Boko Haram Kills 200 Villagers in a Week, 4 Girls Escape Captivity

on June 6, 2014

The good news that four girls have escaped Boko Haram’s captivity comes with more bad news: The Al-Qaeda-linked terrorist group has killed over 200 people in the past week as the Nigerian president declared a new offensive.

An additional four girls are back with their families, but the circumstances surrounding their newfound freedom are in dispute. Some reports say they escaped on Tuesday while others assert that they were able to flee some time ago, shortly after the first 53 got away. It is also alleged that they did not escape but were freed by their captors because they are sick.

The Nigerian government claims it knows the location of the remaining girls. Defense Chief Air Marshal Alex Badeh hinted at non-violent efforts—meaning negotiations—when he stated, “We want our girls back, I can tell you that our military can and will do it. But we can’t kill our girls in the name of trying to get them back.”

The statement buttresses earlier reports of negotiations between the Nigerian government and Boko Haram involving the release of low-level terrorists.
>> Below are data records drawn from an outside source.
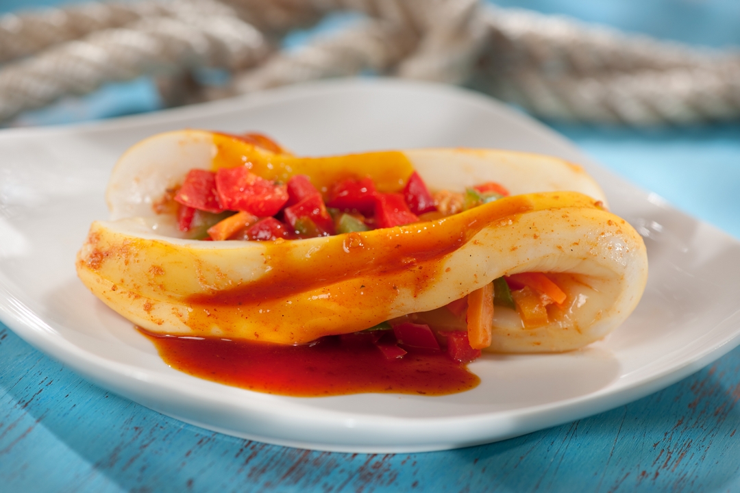 - Cuando los calamares estén cocidos, los bañamos con esta salsa y servimos.
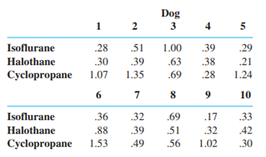 In an experiment to study the way in which different anesthetics affect plasma epinephrine concentration, ten dogs were selected and concentration was measured while they were under the influence of the anesthetics isoflurane, halothane, and cyclopropane (鈥淪ympathoadrenal and Hemodynamic Effects of Isoflurane, Halothane, and Cyclopropane in Dogs,鈥 Anesthesiology, 1974: 465鈥470). Test at level .05 to see whether there is an anesthetic effect on concentration
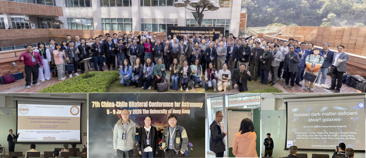 1月4日至9日,第七届中智天文双边会议在香港大学举行。本次会议由香港大学理学院太空研究实验室、中国科学院国家天文台及智利天文学会共同主办,旨在促进中智两国在天文学领域的合作交流,共享前沿研究成果与科研设施资源。数理学院陆诗莹、郭晓通、胡慧杰三位教师应邀参会,并在会上展示了公司在天文与天体物理方面的最新研究进展。
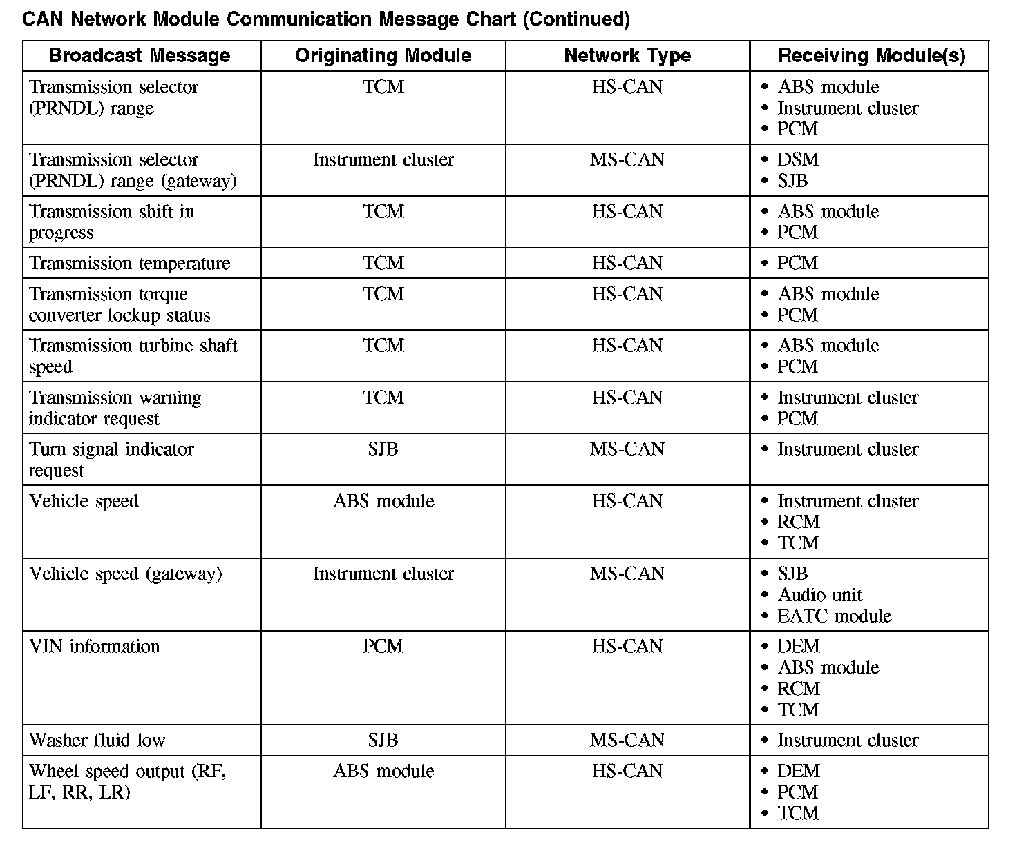The HS-CAN network uses an unshielded twisted pair cable of data (+) and data (-) circuits. The data (+) and the data (-) circuits are each regulated to approximately 2.5 volts during neutral or rested network traffic. As bus messages are sent on the data (+) circuit, voltage is increased by approximately 1.0 volt. Inversely, the data (-) circuit is reduced by approximately 1.0 volt when a bus message is sent. Multiple bus messages can be sent over the network CAN circuits allowing multiple modules to communicate with each other. The HS-CAN is a high speed communication network used for the instrument cluster, the powertrain control module (PCM), the transmission control module (TCM), the differential electronic module (DEM), the restraints control module (RCM), and the anti-lock brake system (ABS) module communications, and designed for real time information transfer and control. The HS-CAN network will not communicate while certain faults are present, but will operate with diminished performance with other faults present. The HS-CAN bus may remain operational when 1 of the 2 termination resistors are not present.

The former President of Nigeria is meeting with relatives of Boko Haram leaders as part of these negotiations.

The obvious fear is that Boko Haram will execute the girls once a violent operation begins. If they are split into multiple groups as is believed, then a rescue becomes even riskier. The retrieval of one or more groups would likely cost the lives of those remaining.

A successful operation would require the simultaneous neutralization of all the girls’ captors. Think of the rescue of Captain Richard Phillips in 2009 from three pirates by the U.S. Marines, except it would involve rescuing over 200 girls and defeating dozens of Boko Haram terrorists.

The hostage-taking of the girls should not lead us to overlook the crimes committed by the group. On May 26, Boko Haram launched what International Christian Concern describes as a “Four Hour Reign of Terror” in the mostly Christian Borno State. Eight Christians were murdered and six churches were burnt down.

Other attacks in the state killed another 40 people. Two days earlier, Boko Haram massacred 21 people inside a church. It also assaulted three villages in Borno State, murdering another 35 people. Dozens of the terrorists wore military uniforms and had all-terrain vehicles, indicating that they are getting their supplies through bribery of security personnel.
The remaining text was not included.